A woman in her mid 20’s who is bothered by a hollow appearance of her lower eyelids and cheeks. She is shown before and 2 months after Restylane to the “tear trough” area and 1 month after Restylane Lift to her upper cheeks.
A woman in her mid to late 50’s who is bothered by an aged appearance of her face. She is interested in improvement without surgery. The first step in any consultation, after I find out what is bothering my patient is to make the diagnosis. There is a diagnosis with facial aging as in other areas of medicine. As we age, we lose volume in the face, through bone and fat resorption . She has significant loss of volume in her cheeks and middle face which makes her look older. She also has very active “crows feet” lines when she smiles, from activity of her lateral orbicularis muscles.
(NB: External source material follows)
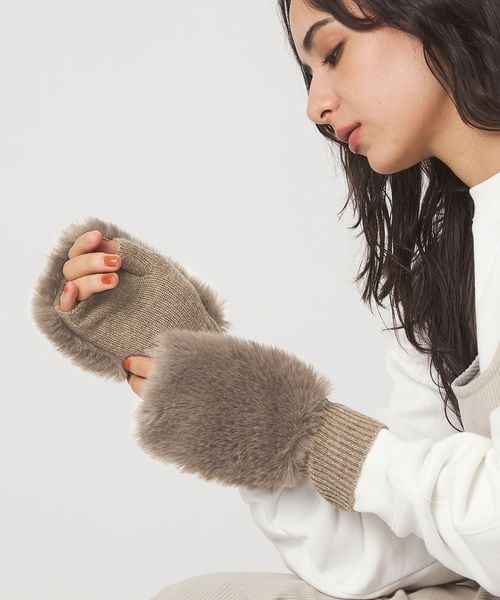 毎年ご好評頂いている、ファーライク素材とニットを組み合わせたグローブ。

Her brows are flat and give her a sad appearance. I have treated her with BOTOX to shape the brows, and weaken the lateral orbicularis muscles. Her brows have arched in a pleasing, but natural way. Her “crows feet” lines are markedly improved when she smiles. She has also had several treatments with non animal derived hyaluronic acid fillers (NASHA) including VOLUMA to her cheeks and the off label use of PERLANE to her cheeks. She has had RESTYLANE to improve the lines around her mouth. It is important to remember that this is not one treatment. The BOTOX is typically repeated in most patients every 4 months with a range of 3-6 months. The NASHA type fillers typically “last” 9 months with the first dose and 18 months with the subsequent doses. Allergan, the makers of VOLUMA reports that it lasts “up to 2 years” in the cheeks with full correction. I typically start with an improvement and then “tweak” the results as we go along. So over the past 18 months we have slowing enhanced her volume as she has returned to repeat her BOTOX. But of course, we want to stop short of creating a deformity with too much volume. “Slow and steady wins the race” and also helps us to achieve a natural result. I am grateful that she has allowed us to share her results with you.
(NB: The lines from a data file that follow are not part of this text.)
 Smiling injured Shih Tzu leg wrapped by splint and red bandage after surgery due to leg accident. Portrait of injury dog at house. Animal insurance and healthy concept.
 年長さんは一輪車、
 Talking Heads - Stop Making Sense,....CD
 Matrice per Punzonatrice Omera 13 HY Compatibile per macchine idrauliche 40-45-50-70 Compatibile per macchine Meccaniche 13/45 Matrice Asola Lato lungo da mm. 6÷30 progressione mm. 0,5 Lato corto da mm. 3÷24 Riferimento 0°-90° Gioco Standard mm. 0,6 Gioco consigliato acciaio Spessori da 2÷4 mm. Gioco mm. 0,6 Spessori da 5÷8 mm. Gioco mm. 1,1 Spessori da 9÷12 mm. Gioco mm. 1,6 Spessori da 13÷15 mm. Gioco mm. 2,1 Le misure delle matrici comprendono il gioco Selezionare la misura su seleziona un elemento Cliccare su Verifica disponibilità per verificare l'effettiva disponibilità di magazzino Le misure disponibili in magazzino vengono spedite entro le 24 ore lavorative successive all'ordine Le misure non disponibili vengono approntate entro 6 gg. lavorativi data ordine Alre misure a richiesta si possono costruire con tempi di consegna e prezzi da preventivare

Although she has not had surgery, and does not wish surgery, I perform the same analysis with every patient who is considering correction of the deformity of facial aging. After discussing the options available, I try and anticipate what options that a patient and myself are likely to be pleased with. She could have had a “face lift” to tighten the skin of her neck and jowls, but this alone would not have given her the same improvement as addressing the volume loss of her face, (unless we performed fat grafting at the same time, which is another discussion) Many patients come in and tell me that they “want a face lift” because they think that this will somehow magically address all of the signs of aging on the face. I have found it best to carefully analyze the signs of aging and address as many as possible to achieve a balanced improvement, without creating a deformity. So whether with or without surgery, it is best to make a careful diagnosis and then consider all of the options.